With respect to claim 2, the following effect (3) can be obtained. (3) By setting the polarity of the set value of the monitoring circuit to be the same as that of the operation command of the inverter, there is an effect of preventing the motor from rotating in the reverse direction different from the operation command direction.

With respect to claim 3, the following effect (4) can be obtained. (4) By making the maximum output value of the function generator the same as the setting value of the estimated speed monitoring circuit, the speed output data used for the output frequency calculation does not become discontinuous and the motor accelerates smoothly even when the motor is started. be able to.

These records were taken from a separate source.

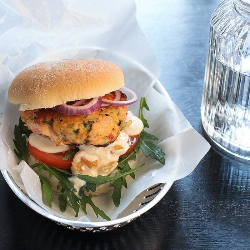 Laxburgare med mangoyoghurt
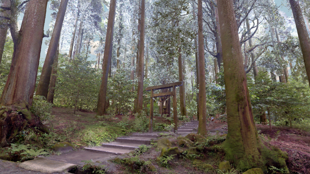 - 社寺仏閣:参道や林道に至る広大な敷地をVLXで計測し、TLSで計測した本殿の点群と組み合わせ、CGのような背景映像として3Dデータ化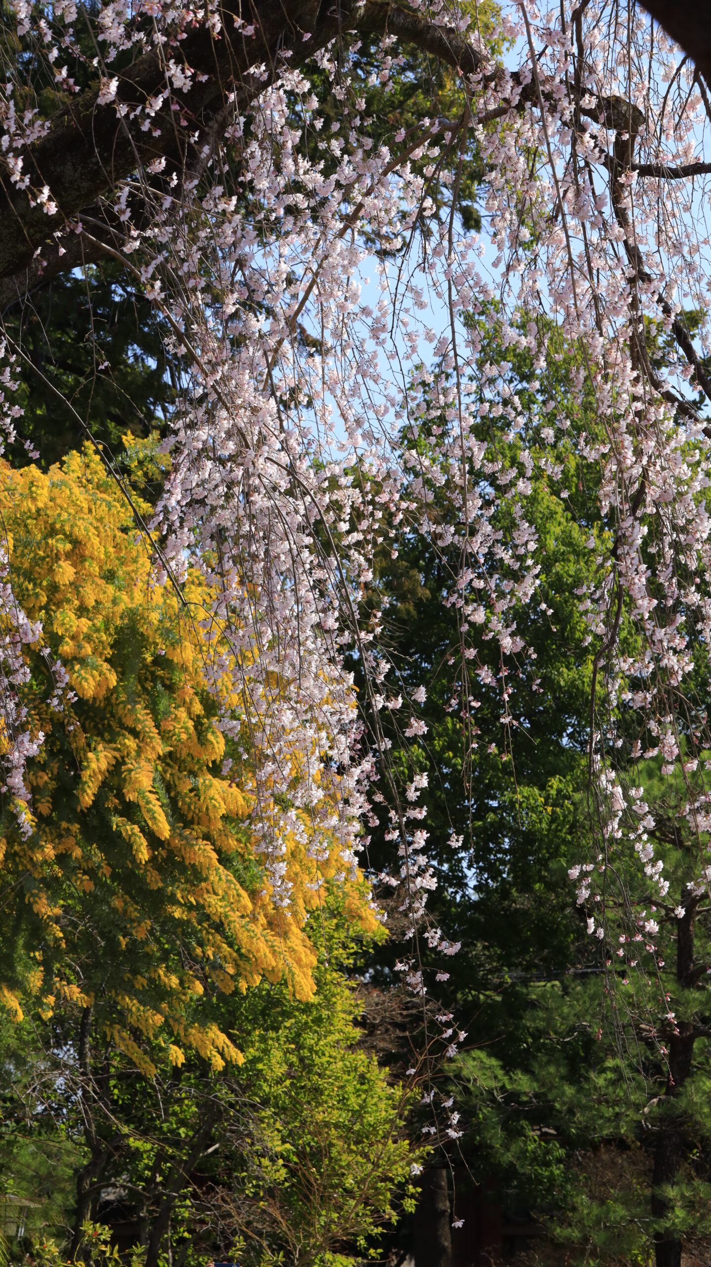 This photo is one that once again captures the gorgeous interplay of weeping cherry blossoms and mimosa at the Chūin temple from a different perspective.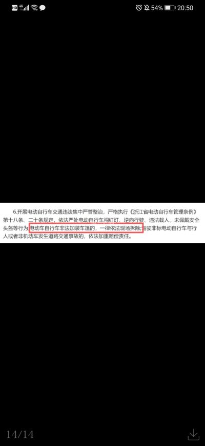 其中第六条对电动自行车非法加装车蓬的行为进行了规定,“一律依法现场拆除。”但文中并未出现严禁加装挡风被的内容。
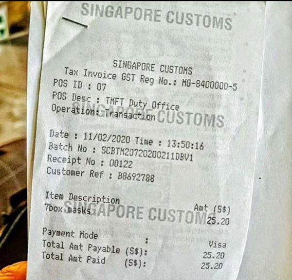 有网友因携带7盒口罩入境,需缴付25.20新元(约76令吉)税务。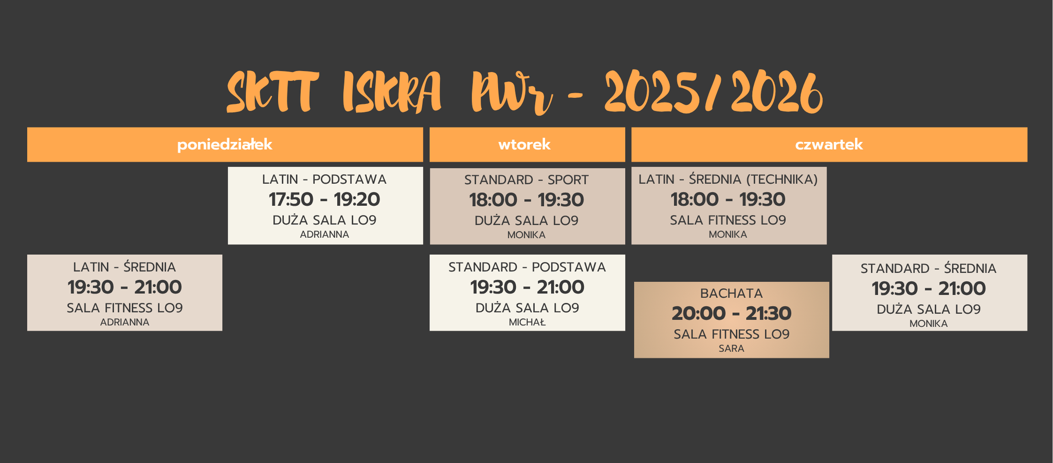 - 17:50 do 19:20 - łacina - taniec towarzyski - grupa podstawowa - LO9 - s. gimnastyczna - trenerka Ada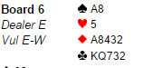 Fire av 13 par Øst-Vest var I 6 hjerter med kortene over (det meldes hardt I klubben!), men her er det umulig å få 12 stikk. Melder du 4 hjerter og får 11, belønnes du med delt topp på spillet.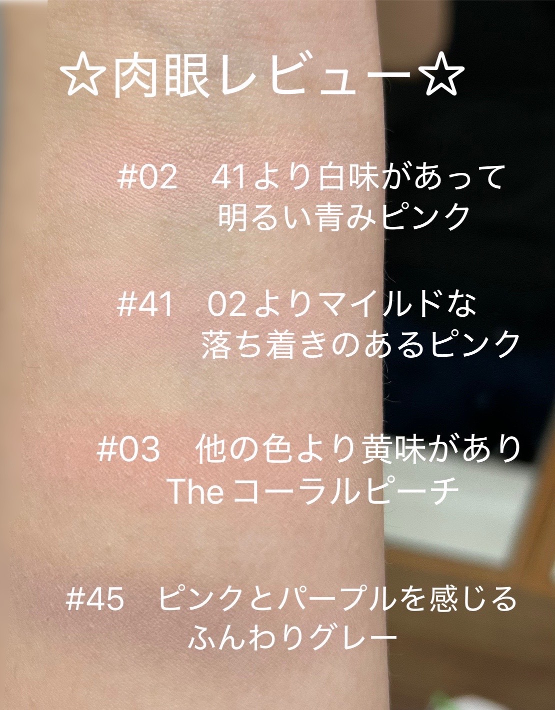 とにかく発色が良い👍🏻 粉質もしっとりさらさらで最高 色々な質感、色があるので選ぶのが楽しかったです 悩みに悩んでピンク系のマットを3個買ったけれど02と41は目に塗ったら多分違い分からない🤣💦
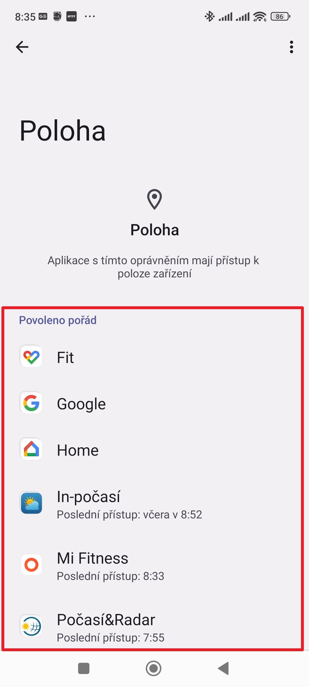 4. Zobrazí se seznam roztříděný podle toho, jaký přístup mají jednotlivé aplikace povolený – pořád, pouze při používání, nebo nepovoleno.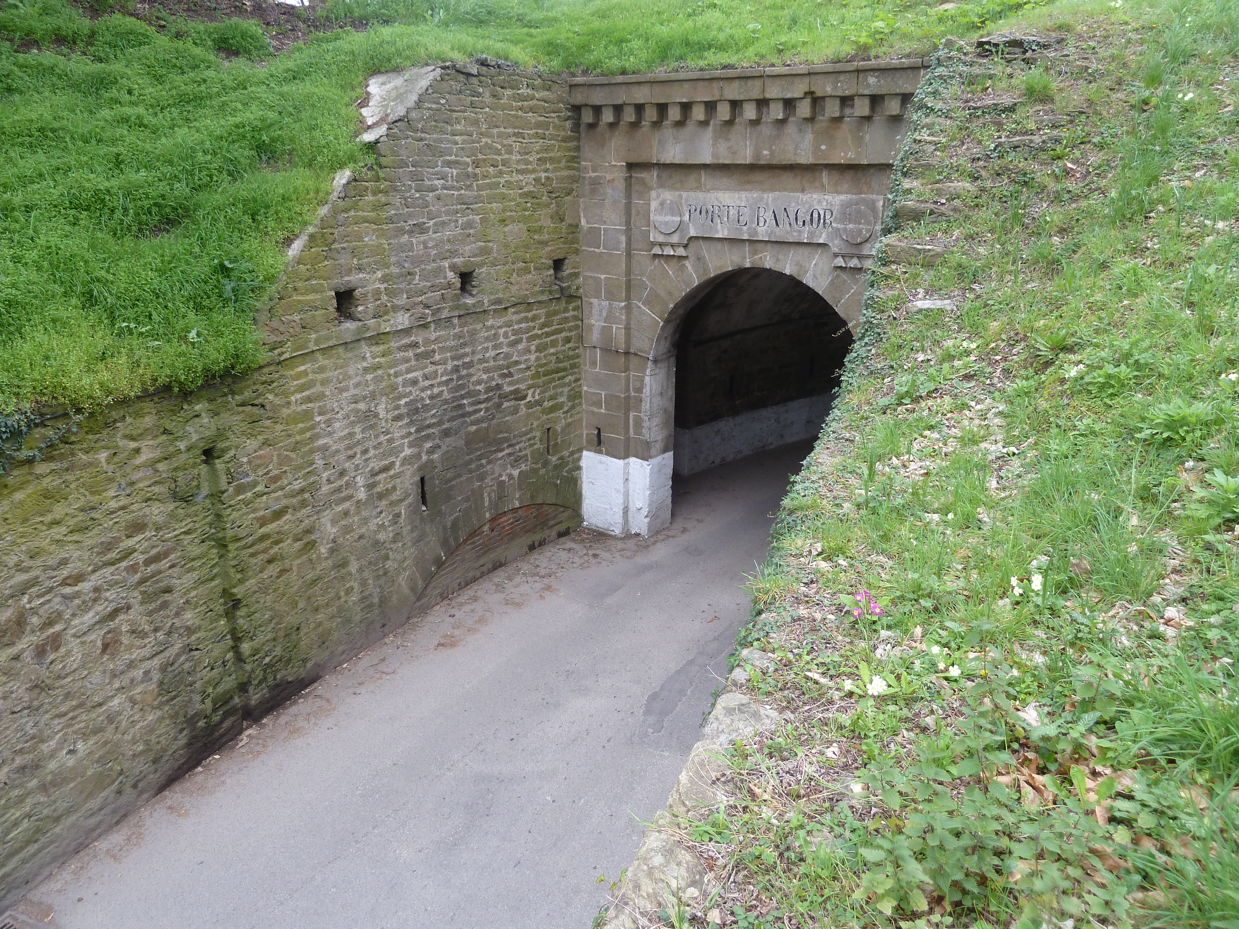 Le Palais, enceinte urbaine, porte de Bangor, débouché côté campagne ; à gauche de la porte, arc du logement de l'ancien pont coulissant.Immatriculation

With respect to claim 4, the following effect (5) can be obtained. (5) At the time of starting, the estimated speed is output as a cushion from the function generator, so that an overcurrent trip can be prevented.

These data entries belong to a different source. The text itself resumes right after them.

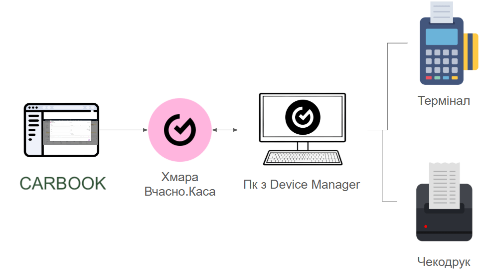 В даному випадку API запит відправляється з CARBOOK, наприклад на фіскалізацію чеку, на сервер Вчасно.Каса який тримає постійне підключення з ДМ (Device Manager) та може ним керувати. З серверу запит передається на ДМ який в свою чергу виконує оплату на терміналі (якщо в чеку оплата картою), фіскалізацію чеку та його друк як описано вище.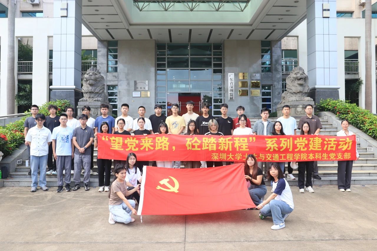 为深化党纪学习教育、强化党员自律意识,深圳大学土木与交通工程学院本科生党支部在党支部书记潘文龙同志的带领下,开展了“望党来路,同踏新程”系列党建活动,本期活动以“走进深圳监狱,强化党纪意识”党纪学习教育为主题,前往深圳监狱参观学习,接受警示教育。本次参观学习邀请了有意报考“直招军官”与参加义务兵的本研学生、入党积极分子与发展对象以及部分研究生党员。通过实地参观和现场教学,同学们深刻领悟党纪国法的严肃性和重要性。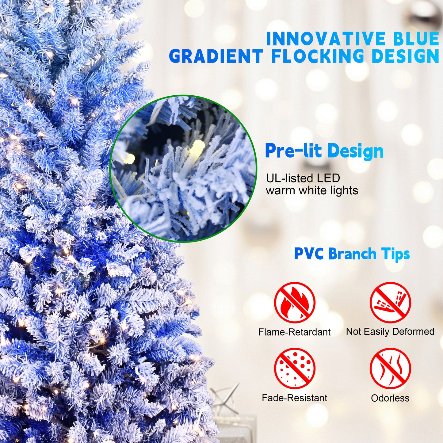 6FT Blue Gradient Flocked Pencil Christmas Tree with 200 Warm White LED Lights, 485 Tips, Hinged Branches, Slim Design, Metal Stand – Narrow Prelit Tree for Holiday Home Decor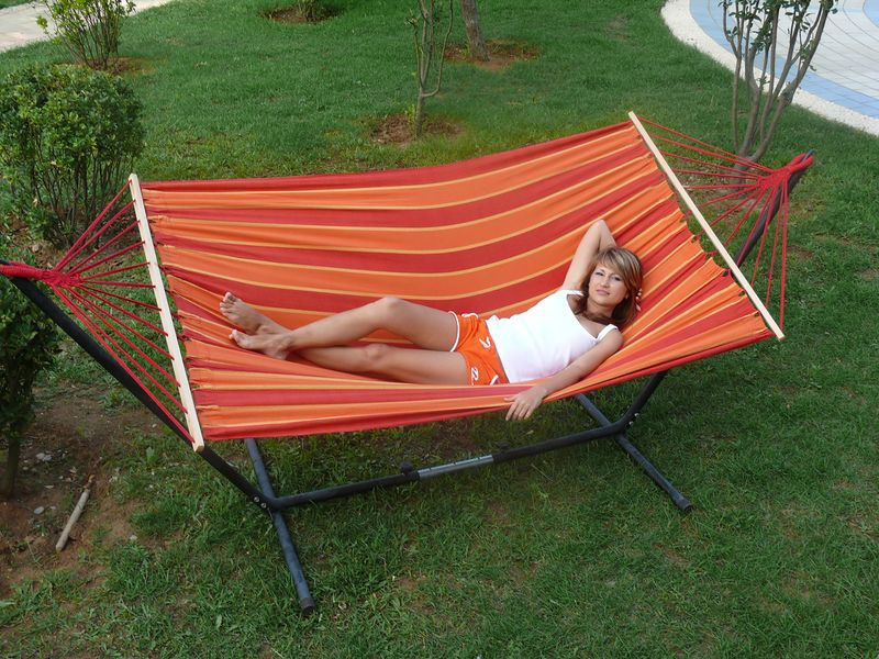 Sieť je určená pre hojdanie a je vyrobená z bavlneného plátna. Má zaujímavú modro-červeno-bielu farebnú kombináciu. Je skvelým prostriedkom pre oddych. Nosnosť siete je 120 kg a jej rozmery sú 200 x 150 cm. Sieť je spevnená drevenými časťami na oboch koncoch. Sieť je potrebné bezpečne zavesiť na stojan určený pre hojdacie plátna.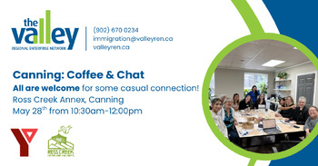 The Valley REN's Annapolis Valley Welcome Network is hosting a Coffee & Chats! These Coffee & Chats are the perfect opportunity for newcomers to meet with community, local service providers, and each other during a casual, free meet and greet. Along with YREACH, we invite everyone to come on out, meet someone new, share about the Annapolis Valley, and get to know your neighbours!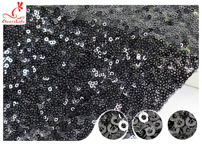 Tecido de malha de lantejoulas pretas bordadas brilhantes para vestidos de festa e noite verifique 5-7 vezes antes de embalar 100% de inspeção

[Brief description of drawings]

FIG. 1 is a block diagram showing a speed sensorless vector control device according to an embodiment of the present invention.

[Explanation of symbols]

 DESCRIPTION OF SYMBOLS 1 ... Voltage vector calculation part 2 ... PWM control inverter 3 ... Induction motor 5 ... Coordinate conversion part 6 ... Deviation device 7 ... Speed estimation calculation part 8 ... Slip frequency calculation part 9 ... Adder 11 ... Monitoring circuit 12 ... Switching device 13 ... Function generator

Claims (4)

[Claims] 1. An estimated speed is calculated using the detected motor current, and a vector operation is performed using the estimated speed, an excitation current command and a torque current command to obtain an excitation voltage command and a torque voltage command, and the excitation voltage command and the torque voltage command are calculated. In a device that controls a three-phase induction machine using a voltage command and a torque voltage command, a monitoring circuit that compares the preset lower limit value of the estimated speed with the estimated speed value calculated by calculation, and the output frequency calculation The function generator for obtaining the estimated speed to be used and the supply passage for the estimated speed calculated by using the electric motor current are inserted so that the speed calculated by the comparison result of the monitoring circuit cannot be estimated. A speed sensorless vector control device comprising: a switch that switches to an estimated speed output from the function generator in a low speed range. 2. The speed sensorless vector control device according to claim 1, wherein the lower limit value of the monitoring circuit is set to a set value having the same polarity as the direction of the exciting current command. 3. The maximum output value of the function generator is set to the same value as the set value of the monitoring circuit.
The speed sensorless vector control device described. 4. The speed sensorless vector control device according to claim 1, wherein the output value of the function generator starts from zero and rises up to a maximum value with a cushion at the time of starting.